On a whim, I’ve decided to create a new micro-series (is that a word?) about outreach. I often have thoughts on outreach but rather than push them out into the Twitter ether, I want them to find a more concrete place on my blog. You can find these outreach musings under my outreach tag.
So, welcome to part 1 of Outreach Musings. Today’s topic is being an introvert and doing outreach.
Outreach is tough. And, its isn’t for the weary or the cautious person. One way my job and, to a greater extent, outreach challenges me is unpacking all of my introversion. To be clear, I think anyone and everyone should do outreach.

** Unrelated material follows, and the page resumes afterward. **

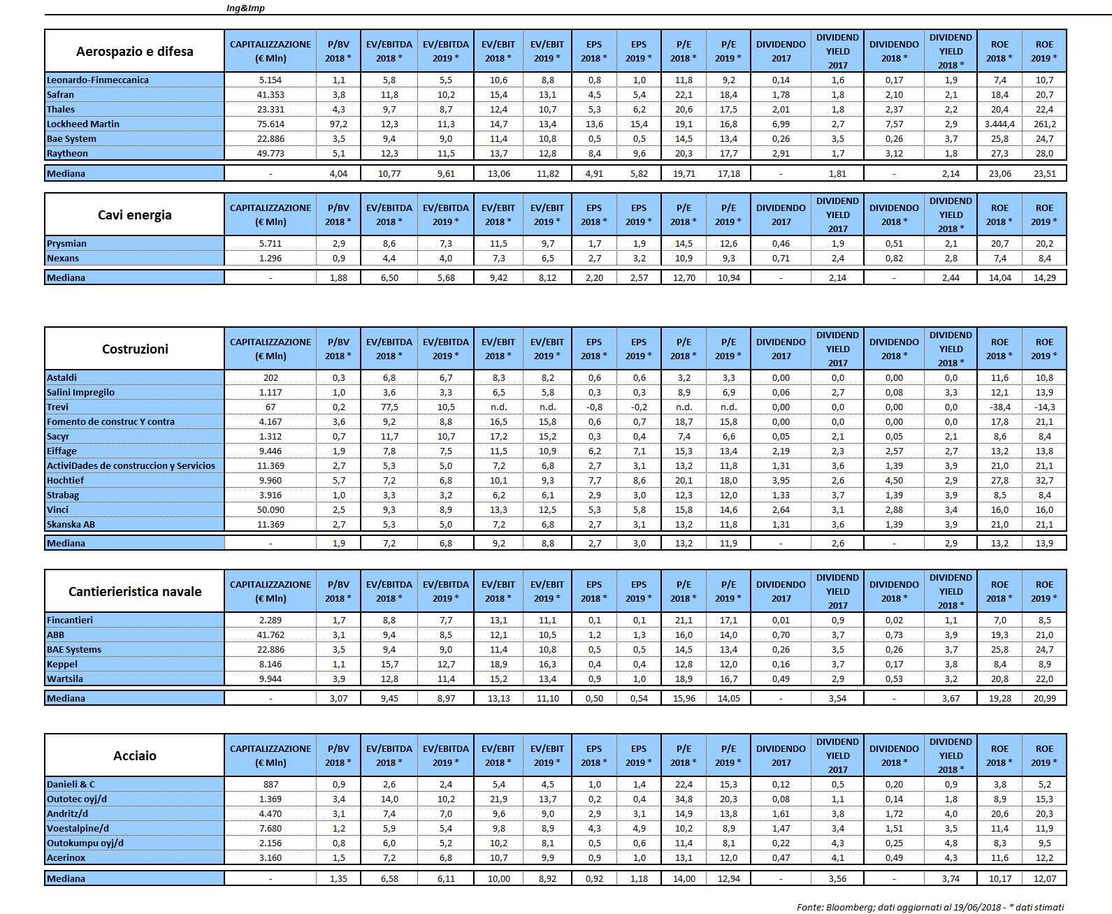 Diamo uno sguardo ai multipli del settore Ingegneria e Impiantistica. Lasciamo spazio ai numeri e alla loro capacità di sintesi, ricordando che ogni singola società ha proprie peculiarità e, pertanto, l’attività di selezione non può prescindere dall’approfondimento di ogni singolo tema di investimento.

However, for the introverted folk among us, don’t let your introverted tendencies keep you from embarking on this career path if that’s your passion. I’m an introvert but I also do outreach. The biggest challenge I’ve faced is the near constant people drain. You have to engage with people. Sometimes when you feel like it and other times when you don’t. In the first couple of months of my new job, I left work drained with a massive headache and desperately craving uninterrupted silence.
I’ve learned to cope a number of ways. First, I actually take my 15 minute breaks and go for walks a la NixoNARA. The weather in Texas is pretty nice and the surroundings near my office building are covered with sidewalks and trees. Or, taking an environmental break from the office and going out to lunch either at a nearby cafe or a picnic. Did I mention how much green space is near me?
Lastly, the biggest of all, I had to learn to say no.
I know in this fast-paced, people-pleasing society with its deadlines, saying no may be frowned upon. Now, I’m not advocating saying no to every thing rather I advocate becoming more strategic in your no’s. If I’m feeling particularly people-drained and an impromptu meeting pops up, I say no and reschedule to another day. This, of course, is contingent upon whether or not its a time-sensitive meeting. If its not, I give it a ‘that sounds great, how about we schedule that for Wednesday?” she says on Monday afternoon. What if the meeting is non-negotiable? Well, I buck up and power through it. More than likely though, I’ll “conveniently” take a break right after to mellow out. Or, I block out some Ashley-time after work.
Another area where I’ve had to learn to push through my introverted tendencies is engaging with people. I’m not the best at small talk and its not something I enjoy doing. Believe it or not, one thing that helps me comes from my undergrad days of being an amateur journalist. I ask people questions. Usually I start with the basics, what’s your name, what do you do, etc. It helps to take some of the focus off of me and on to the other person. And, most importantly, I ask follow up questions especially if its an area of commonality between us.
Pretty soon, we’re chatting up a storm, there’s questions on both sides, and a couple of laughs in between. Don’t get me wrong. I’ve crashed and burned on numerous occasions but I don’t let that stop me. I keep pressing forward.
Outreach is tough. It’s about creating connections and engaging with people. The question isn’t whether you can do it but whether or not you want to do it. If you want to do it, you’ll make it happen and no level of introversion will stop that. It only stops you when you let these labels define you. Period.